__Task brief__
Copy each line below exactly and leave the pictures out.

__Given material__
--*--

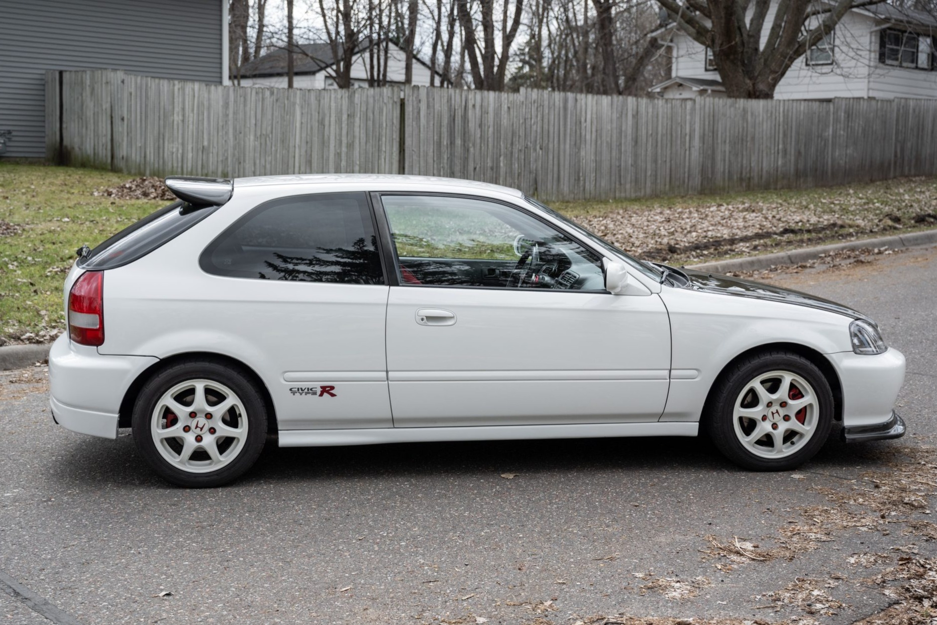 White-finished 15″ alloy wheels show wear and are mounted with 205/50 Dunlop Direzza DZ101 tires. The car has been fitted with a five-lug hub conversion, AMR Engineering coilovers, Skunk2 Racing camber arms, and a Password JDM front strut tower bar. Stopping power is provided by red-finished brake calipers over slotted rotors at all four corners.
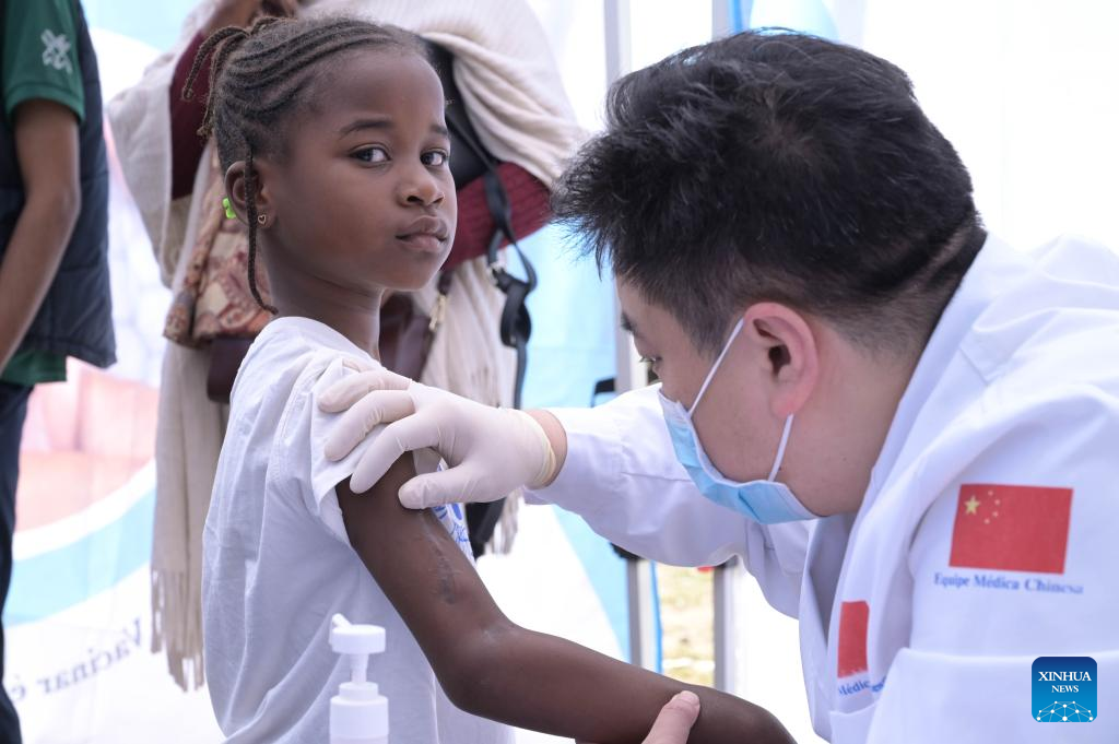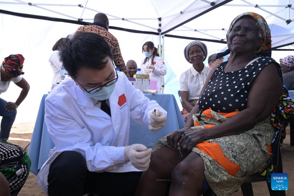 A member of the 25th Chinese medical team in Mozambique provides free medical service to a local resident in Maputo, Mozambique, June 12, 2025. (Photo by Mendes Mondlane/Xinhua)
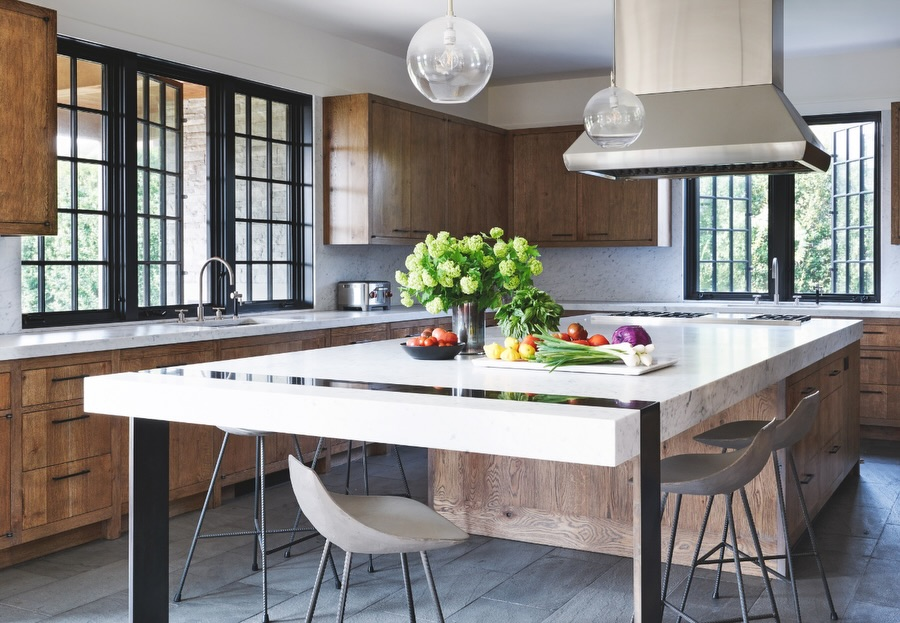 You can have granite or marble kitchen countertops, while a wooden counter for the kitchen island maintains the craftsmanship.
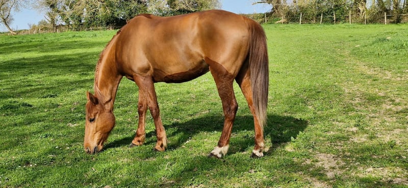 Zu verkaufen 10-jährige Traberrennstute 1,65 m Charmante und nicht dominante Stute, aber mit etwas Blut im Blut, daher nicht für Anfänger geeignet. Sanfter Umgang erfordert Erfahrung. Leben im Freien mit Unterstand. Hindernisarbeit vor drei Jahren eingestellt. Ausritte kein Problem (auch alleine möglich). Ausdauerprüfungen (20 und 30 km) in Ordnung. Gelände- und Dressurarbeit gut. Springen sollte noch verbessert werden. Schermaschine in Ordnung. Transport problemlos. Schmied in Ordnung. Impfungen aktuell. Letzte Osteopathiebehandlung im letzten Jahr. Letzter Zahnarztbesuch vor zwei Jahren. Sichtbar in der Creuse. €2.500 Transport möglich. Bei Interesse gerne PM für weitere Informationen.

--*--

__Your response__
 White-finished 15″ alloy wheels show wear and are mounted with 205/50 Dunlop Direzza DZ101 tires. The car has been fitted with a five-lug hub conversion, AMR Engineering coilovers, Skunk2 Racing camber arms, and a Password JDM front strut tower bar. Stopping power is provided by red-finished brake calipers over slotted rotors at all four corners.
 A member of the 25th Chinese medical team in Mozambique provides free medical service to a local resident in Maputo, Mozambique, June 12, 2025. (Photo by Mendes Mondlane/Xinhua)
 You can have granite or marble kitchen countertops, while a wooden counter for the kitchen island maintains the craftsmanship.
 Zu verkaufen 10-jährige Traberrennstute 1,65 m Charmante und nicht dominante Stute, aber mit etwas Blut im Blut, daher nicht für Anfänger geeignet. Sanfter Umgang erfordert Erfahrung. Leben im Freien mit Unterstand. Hindernisarbeit vor drei Jahren eingestellt. Ausritte kein Problem (auch alleine möglich). Ausdauerprüfungen (20 und 30 km) in Ordnung. Gelände- und Dressurarbeit gut. Springen sollte noch verbessert werden. Schermaschine in Ordnung. Transport problemlos. Schmied in Ordnung. Impfungen aktuell. Letzte Osteopathiebehandlung im letzten Jahr. Letzter Zahnarztbesuch vor zwei Jahren. Sichtbar in der Creuse. €2.500 Transport möglich. Bei Interesse gerne PM für weitere Informationen.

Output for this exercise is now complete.